#### [YOUR OBJECTIVE]
Print nothing beyond the line with "周五(9月15日)欧洲央行的": every line from the beginning of the data up to it, that line included, and no pictures.

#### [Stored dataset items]

━━━━━━━━

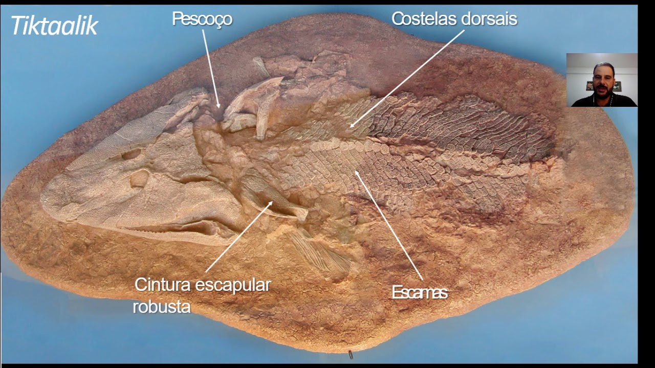 pé dando um tubarão branco para tentar dar uma ideia da escala do tá é desse peixe lá então existiam peixes em dimensões muito grandes que provavelmente se a provavelmente não com alguma certeza se alimentarão e se alimentavam de formas menores né em alguns paleontólogos Mas recentemente a criticaram né Essa hipótese com base em observações da do comportamento da fisiologia da anatomia de espécies viventes então esses outros paleontólogos né mais recentes eles viram que entre os peixes viventes os peixes só saem da água quando o ambiente no entorno dos corpos d'água é muito úmido né então
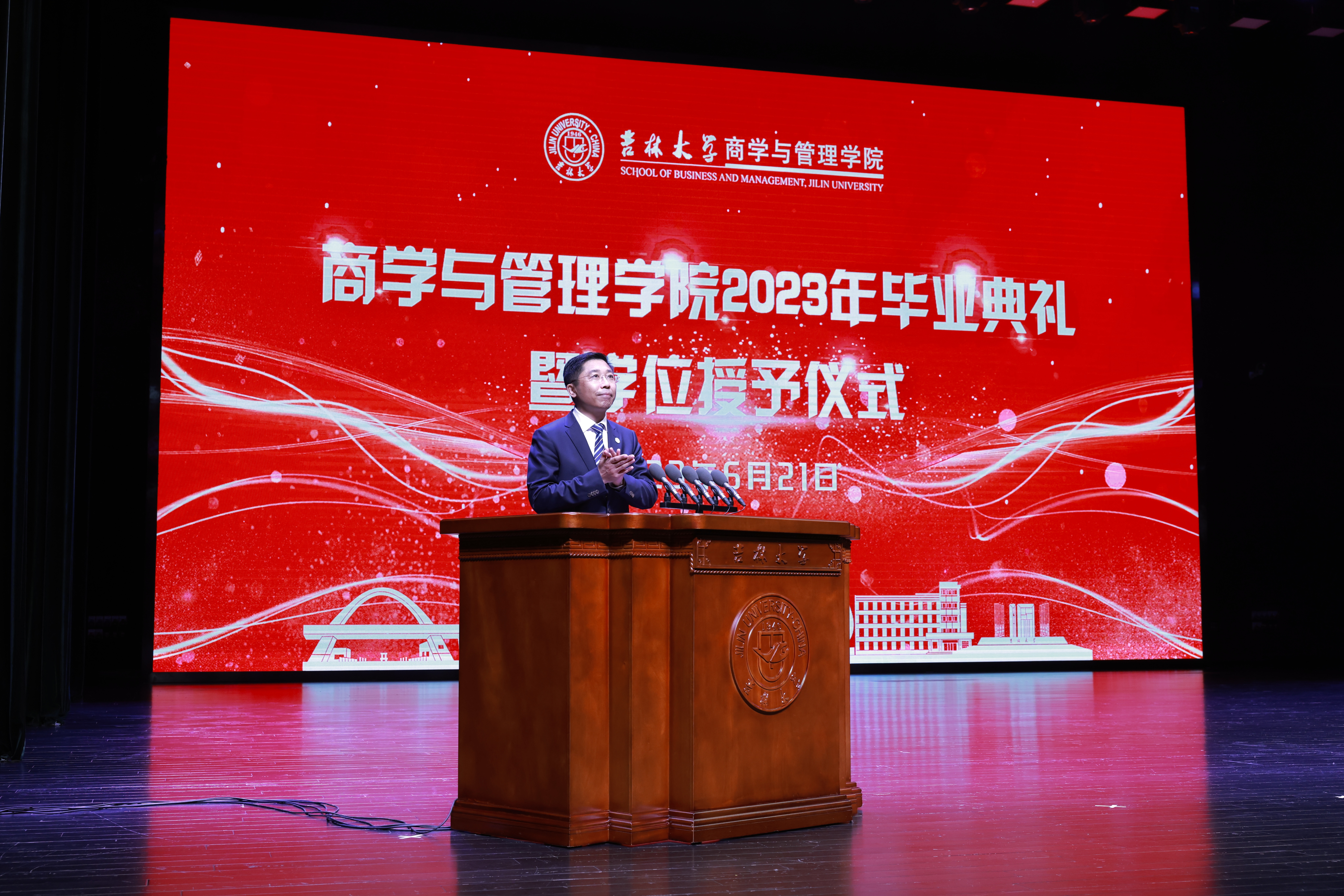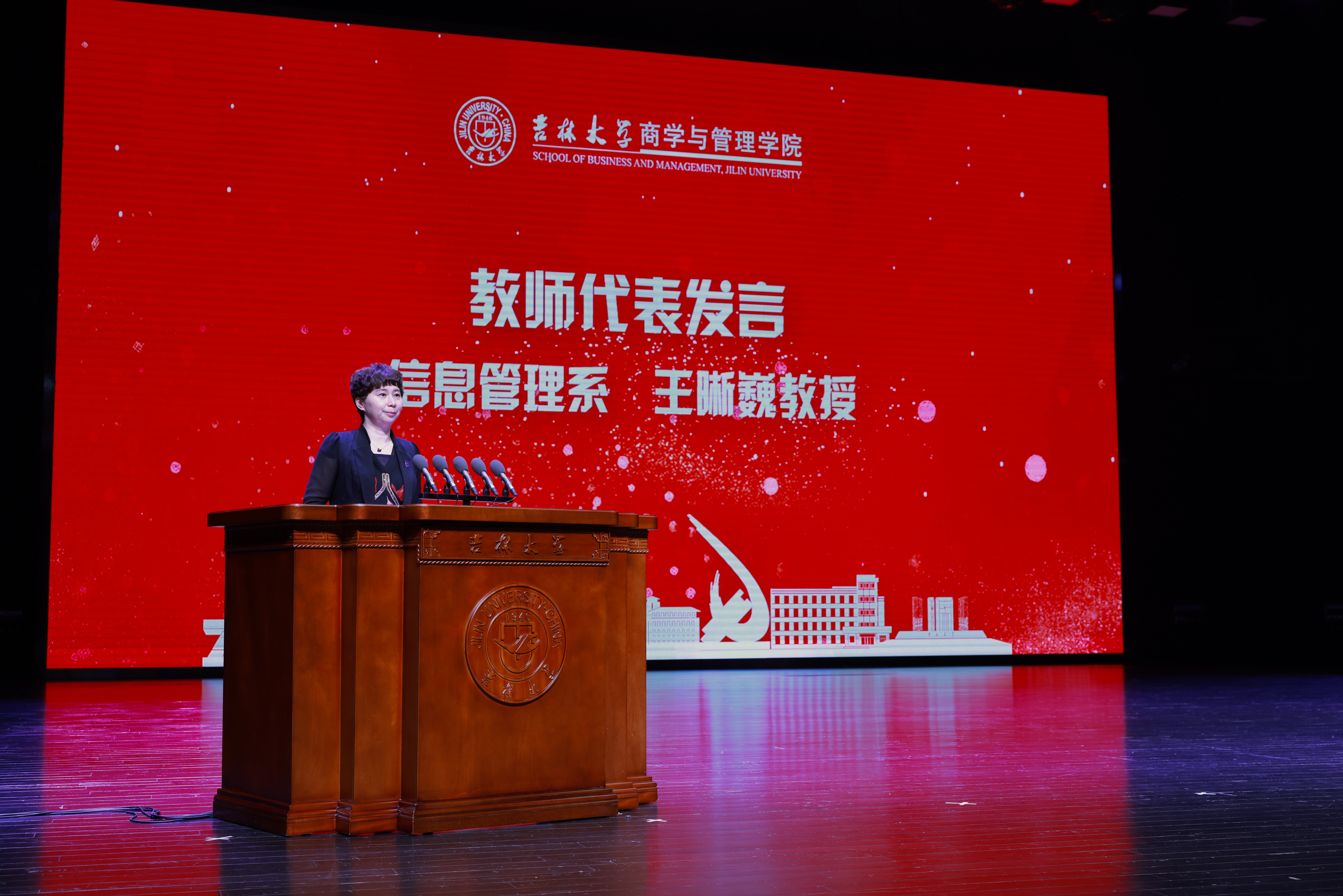 典礼上,EMC易倍官网社会科学研究院副经理青年长江学者EMC易倍信息管理系王晰巍教授,作为教师代表进行了发言。王晰巍教授在发言中对毕业生们送上祝福:第一,希望同学们心有梦想,能勇立时代潮头。第二,希望同学们追求优秀,把勤奋作为习惯。第三,希望同学们终身学习,提升人生格局。最后,王晰巍教授祝愿吉大商管的学子们能够不断开创个人职业生涯发展的灿烂前程,不断为吉大商管公司争光,不断谱写国家发展和时代腾飞的辉煌篇章!
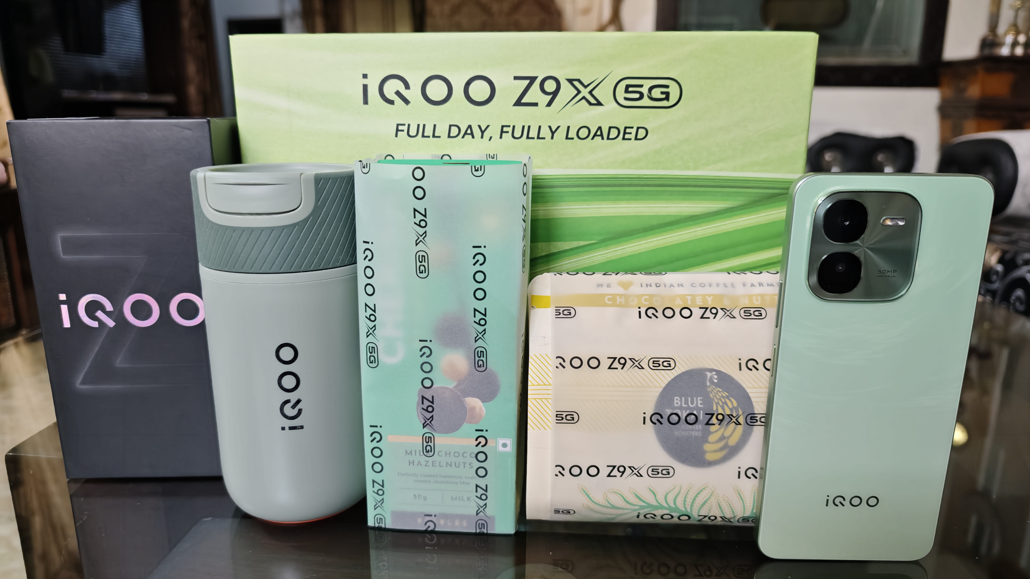 Eagerly, I opened the box and was thrilled to discover an array of thoughtful goodies inside. The standout item is a super QOOL spill-free coffee mug, accompanied by a bag of roasted coffee beans, delectable chocolates, and a specs sheet of the iQOO Z9x.
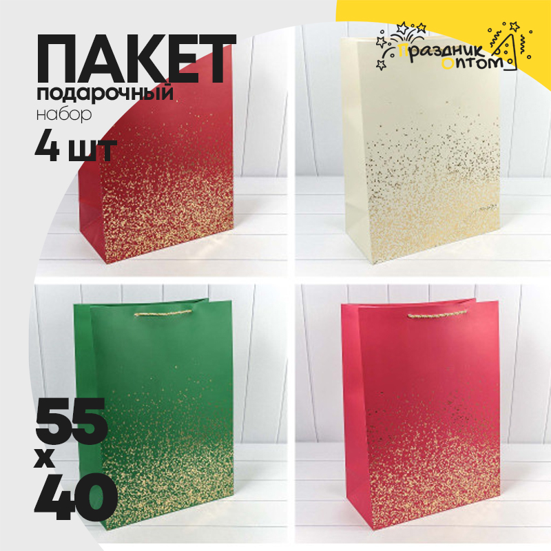 Пакет подарочный 40х55х20см Премиум "Золотые вкрапления" (Микс)
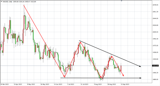 周五(9月15日)欧洲央行的决定引发了金价的反弹。欧洲央行将利率上调25个基点至历史新高,但有迹象表明这可能是当前紧缩周期中的最后一次加息,对黄金形成利好,推动其维持在1900美元上方,延续涨势。
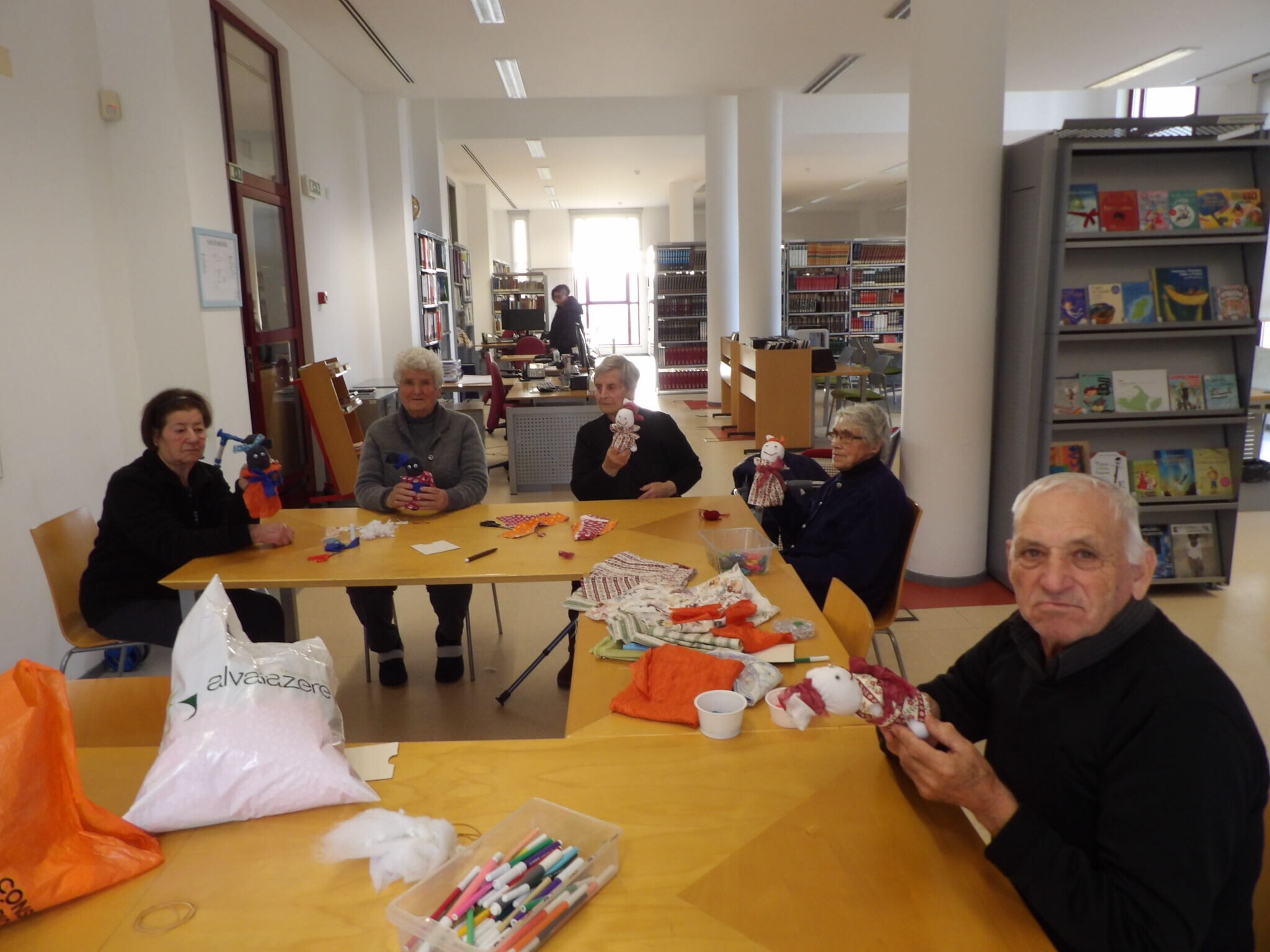 Ainda durante o mês de dezembro, nos dias 17, 19, 26 e 27, a BMA recebeu os utentes das IPSS’S do concelho para uma atividade de elaboração de bonecas, a partir de meias e tecidos, recordando a infância e os brinquedos de antigamente.

━━━━━━━━

#### [SOLUTION TO THIS TASK]
 pé dando um tubarão branco para tentar dar uma ideia da escala do tá é desse peixe lá então existiam peixes em dimensões muito grandes que provavelmente se a provavelmente não com alguma certeza se alimentarão e se alimentavam de formas menores né em alguns paleontólogos Mas recentemente a criticaram né Essa hipótese com base em observações da do comportamento da fisiologia da anatomia de espécies viventes então esses outros paleontólogos né mais recentes eles viram que entre os peixes viventes os peixes só saem da água quando o ambiente no entorno dos corpos d'água é muito úmido né então
 典礼上,EMC易倍官网社会科学研究院副经理青年长江学者EMC易倍信息管理系王晰巍教授,作为教师代表进行了发言。王晰巍教授在发言中对毕业生们送上祝福:第一,希望同学们心有梦想,能勇立时代潮头。第二,希望同学们追求优秀,把勤奋作为习惯。第三,希望同学们终身学习,提升人生格局。最后,王晰巍教授祝愿吉大商管的学子们能够不断开创个人职业生涯发展的灿烂前程,不断为吉大商管公司争光,不断谱写国家发展和时代腾飞的辉煌篇章!
 Eagerly, I opened the box and was thrilled to discover an array of thoughtful goodies inside. The standout item is a super QOOL spill-free coffee mug, accompanied by a bag of roasted coffee beans, delectable chocolates, and a specs sheet of the iQOO Z9x.
 Пакет подарочный 40х55х20см Премиум "Золотые вкрапления" (Микс)
 周五(9月15日)欧洲央行的决定引发了金价的反弹。欧洲央行将利率上调25个基点至历史新高,但有迹象表明这可能是当前紧缩周期中的最后一次加息,对黄金形成利好,推动其维持在1900美元上方,延续涨势。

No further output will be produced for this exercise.